- Date: 9 – 15 October
- Edition: 12th
- Surface: Clay
- Location: Buenos Aires, Argentina

Champions

Singles
- Mariano Navone

Doubles
- Diego Hidalgo / Cristian Rodríguez
| Challenger de Buenos Aires |

= 2023 Challenger de Buenos Aires =

The 2023 Challenger de Buenos Aires was a professional tennis tournament played on clay courts. It was the 12th edition of the tournament which was part of the 2023 ATP Challenger Tour. It took place in Buenos Aires, Argentina between 9 and 15 October 2023.
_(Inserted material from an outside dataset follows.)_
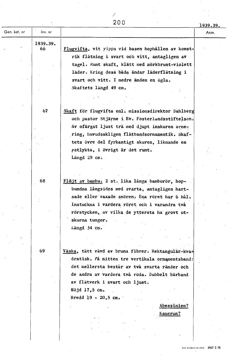 200 1939.39. 1939.39. 66 Flugvifta, vit yippa vid basen hophållen av konst- rik flätning i svart och vitt, antagligen av tagel. Runt skaft, klätt med mörkbrunt-violett läder. Kring deså båda ändar läderflätning i svart och vitt. I nedre änden en ögla. Skaftets längd 49 cm. 67 Skaft för flugvifta enl: missionsdirektor dahlbar och pastor Stjärne i.EV. Fosterlandsstiftelsen: Av ofärgat ljust trä med djupt inskuren orne77, ying, huvudsakligen flätbandsornamentik. Skaf- tets övre del fyrkantigt skuren, liknande en gatlykta, i övrigt är det runt. Längd 29 cm: 68 Flöjt av bambu. 2 st. lika långa bamburör, hop-. bundna långsides med svarta, antagligen hart- sade eller vaxade snören:: Ena röret har 6 hål". Instuckna i vardera röret och i varandra två rörstycken,. av vilka de yttersta ha grovt ut- skurna tungor: Längd 34 cm. 69 Väska, tätt vävd av bruna fibrer. Rektangulär-kva dratisk. På mitten tre vertikala ornamentsband: det mellersta består av två svarta ränder och de andra av vardera två röda. Dubbelt bärband av flätverk i svart och ljust. Böjd 17,5 cm. Bredd 19 - 20,5 cm: • Abessinien? Kamerun? [ocr]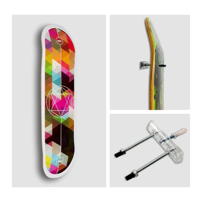 A instalação simples com um parafuso/bucha para drywall da Sk8ology significa que suas paredes não precisam de vários furos para pendurar cada painel. Os expositores Sk8ology oferecem dois tipos de instalação: travados ou fáceis de colocar/retirar, dependendo da sua situação.

==Singles main-draw entrants==
===Seeds===

| Country | Player | Rank^{1} | Seed |
|---|---|---|---|
| ARG | Federico Coria | 83 | 1 |
| ARG | Juan Manuel Cerúndolo | 102 | 2 |
| ARG | Facundo Díaz Acosta | 106 | 3 |
| CHI | Tomás Barrios Vera | 108 | 4 |
| CZE | Vít Kopřiva | 114 | 5 |
| CHI | Alejandro Tabilo | 120 | 6 |
| ARG | Francisco Comesaña | 126 | 7 |
| GBR | Jan Choinski | 127 | 8 |

- ^{1} Rankings are as of 25 September 2023.

===Other entrants===
The following players received wildcards into the singles main draw:
- ARG Román Andrés Burruchaga
- ARG Federico Delbonis
- ARG Juan Pablo Ficovich

The following player received entry into the singles main draw as a special exempt:
- ITA Andrea Pellegrino

The following player received entry into the singles main draw as an alternate:
- ARG Guido Andreozzi

The following players received entry from the qualifying draw:
- BOL Murkel Dellien
- ARG Renzo Olivo
- BRA João Lucas Reis da Silva
- ARG Juan Bautista Torres
- ARG Marco Trungelliti
- ARG Gonzalo Villanueva

The following player received entry as a lucky loser:
- POR Gastão Elias

==Champions==
===Singles===

- ARG Mariano Navone def. ARG Federico Coria 2–6, 6–3, 6–4.

===Doubles===

- ECU Diego Hidalgo / COL Cristian Rodríguez def. BRA Fernando Romboli / BRA Marcelo Zormann 6–3, 6–2.